====== Input data
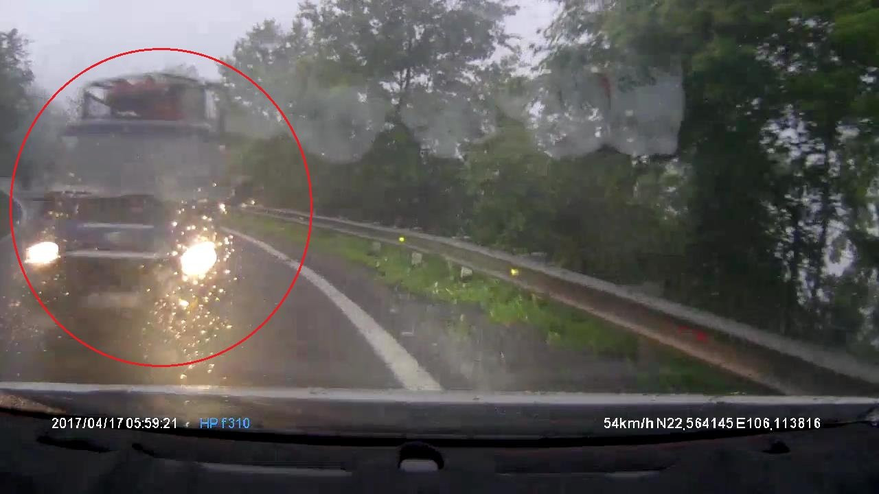 Sự việc xảy ra vào khoảng 6h ngày 17/4 trên đoạn đường đèo thuộc tỉnh Cao Bằng. Theo chia sẻ của chủ nhân đoạn clip xe tải vượt ẩu trên đèo hẹp, tài xế ô tô con, dù may mắn tránh được cú đâm trực diện nhưng xe con vẫn bị xe tải đâm móp đuôi.
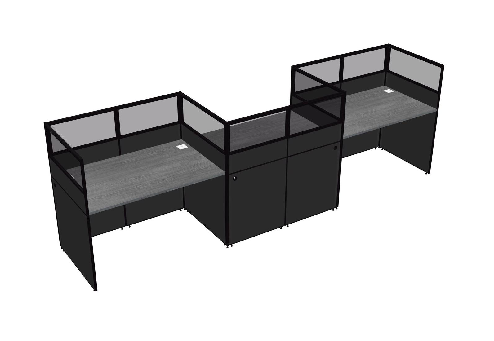 Grey Rectangular Cubicle Workstations For 3 - Zigzag Formation
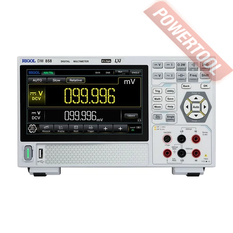 Мультиметр цифровой профессиональный RIGOL DM858 – многофункциональный измеритель лабораторного класса в настольном исполнении, обладающий расширенными возможностями по отладке и тестированию электросилового оборудования и электронных устройств. Прибор оснащен графическим сенсорным дисплеем с 5,5-разрядной индикацией и набором интерфейсов для интеграции в состав автоматизированных испытательных систем, сочетая в себе гибкость, точность и компактность.
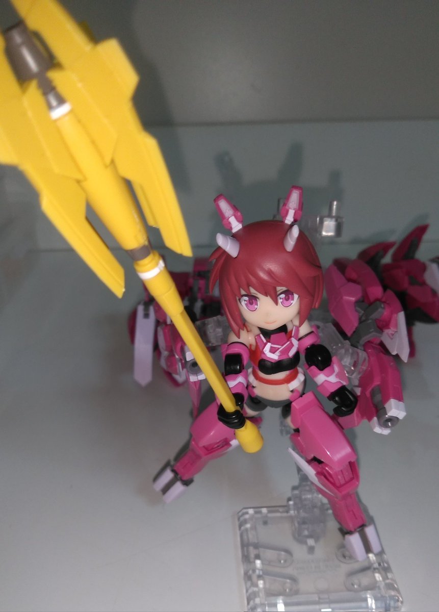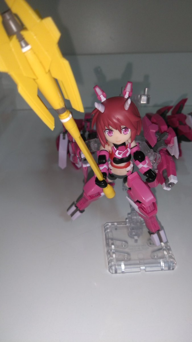 おはョ! DTA重兵装型女子高生、パチ組。 ウチのコはイオンと命名。 脚部は素体と差し替え。髪はペコリーヌ同様可動。 黒✕赤✕金基調の配色がセンス良◎ 瞳のタンポ印刷もレベル高し。 2000円でこのクオリティ。超おすすめです! 3個まとめ買っとけばよかったな(反省) #デスクトップアーミー
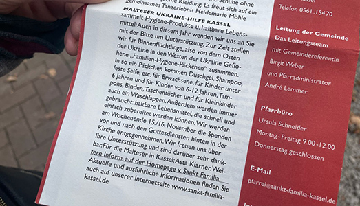 Gute Nachbarschaft zur Kirchengemeinde Sankt Familia haben wir seit viele Jahren. Unterstützung in der Ukrainehilfe gehört dazu!
============
**Task directions**
Apart from the images, every line above is to be given again exactly.

**Response**
 Sự việc xảy ra vào khoảng 6h ngày 17/4 trên đoạn đường đèo thuộc tỉnh Cao Bằng. Theo chia sẻ của chủ nhân đoạn clip xe tải vượt ẩu trên đèo hẹp, tài xế ô tô con, dù may mắn tránh được cú đâm trực diện nhưng xe con vẫn bị xe tải đâm móp đuôi.
 Grey Rectangular Cubicle Workstations For 3 - Zigzag Formation
 Мультиметр цифровой профессиональный RIGOL DM858 – многофункциональный измеритель лабораторного класса в настольном исполнении, обладающий расширенными возможностями по отладке и тестированию электросилового оборудования и электронных устройств. Прибор оснащен графическим сенсорным дисплеем с 5,5-разрядной индикацией и набором интерфейсов для интеграции в состав автоматизированных испытательных систем, сочетая в себе гибкость, точность и компактность.
 おはョ! DTA重兵装型女子高生、パチ組。 ウチのコはイオンと命名。 脚部は素体と差し替え。髪はペコリーヌ同様可動。 黒✕赤✕金基調の配色がセンス良◎ 瞳のタンポ印刷もレベル高し。 2000円でこのクオリティ。超おすすめです! 3個まとめ買っとけばよかったな(反省) #デスクトップアーミー
 Gute Nachbarschaft zur Kirchengemeinde Sankt Familia haben wir seit viele Jahren. Unterstützung in der Ukrainehilfe gehört dazu!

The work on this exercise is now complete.